*PROBLEM STATEMENT*. Exactly the lines from the one containing "Specification: Shuttle Art" through the one containing "A schematic diagram" in the listing below are to be copied, with the pictures left out.

*MATERIAL PROVIDED*.

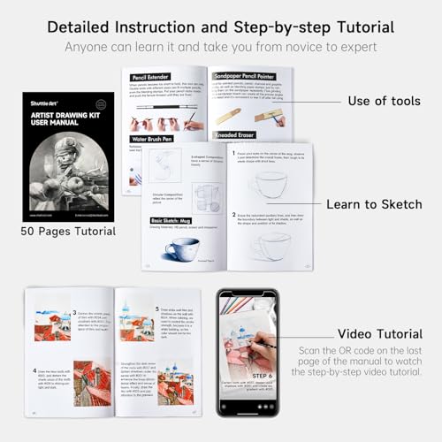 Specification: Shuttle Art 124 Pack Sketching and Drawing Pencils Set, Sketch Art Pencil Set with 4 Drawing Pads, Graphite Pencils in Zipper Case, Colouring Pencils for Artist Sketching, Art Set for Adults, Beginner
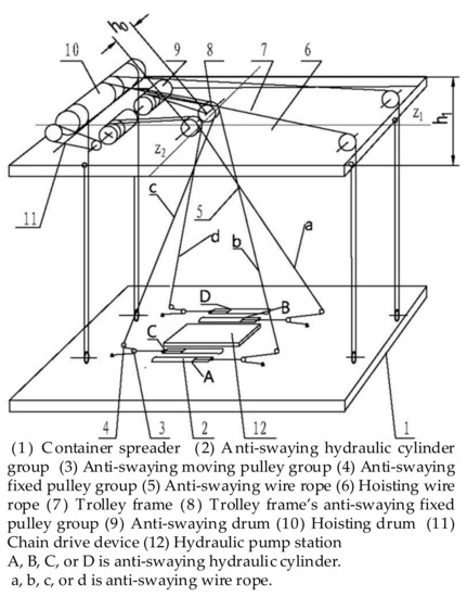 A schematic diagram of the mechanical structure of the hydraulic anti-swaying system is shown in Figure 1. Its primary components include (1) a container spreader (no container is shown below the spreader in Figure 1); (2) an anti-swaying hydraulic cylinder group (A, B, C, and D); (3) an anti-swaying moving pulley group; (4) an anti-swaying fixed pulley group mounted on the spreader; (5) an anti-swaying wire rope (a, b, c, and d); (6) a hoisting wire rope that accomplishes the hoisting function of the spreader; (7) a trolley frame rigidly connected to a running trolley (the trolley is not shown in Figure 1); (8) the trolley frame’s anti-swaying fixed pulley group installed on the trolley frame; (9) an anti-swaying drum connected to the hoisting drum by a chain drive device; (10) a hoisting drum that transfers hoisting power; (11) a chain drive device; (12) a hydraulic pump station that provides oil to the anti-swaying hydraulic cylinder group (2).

...

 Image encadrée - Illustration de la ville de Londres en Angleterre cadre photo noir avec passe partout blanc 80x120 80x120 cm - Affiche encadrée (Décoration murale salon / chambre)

*OUTPUT*.
 Specification: Shuttle Art 124 Pack Sketching and Drawing Pencils Set, Sketch Art Pencil Set with 4 Drawing Pads, Graphite Pencils in Zipper Case, Colouring Pencils for Artist Sketching, Art Set for Adults, Beginner
 A schematic diagram of the mechanical structure of the hydraulic anti-swaying system is shown in Figure 1. Its primary components include (1) a container spreader (no container is shown below the spreader in Figure 1); (2) an anti-swaying hydraulic cylinder group (A, B, C, and D); (3) an anti-swaying moving pulley group; (4) an anti-swaying fixed pulley group mounted on the spreader; (5) an anti-swaying wire rope (a, b, c, and d); (6) a hoisting wire rope that accomplishes the hoisting function of the spreader; (7) a trolley frame rigidly connected to a running trolley (the trolley is not shown in Figure 1); (8) the trolley frame’s anti-swaying fixed pulley group installed on the trolley frame; (9) an anti-swaying drum connected to the hoisting drum by a chain drive device; (10) a hoisting drum that transfers hoisting power; (11) a chain drive device; (12) a hydraulic pump station that provides oil to the anti-swaying hydraulic cylinder group (2).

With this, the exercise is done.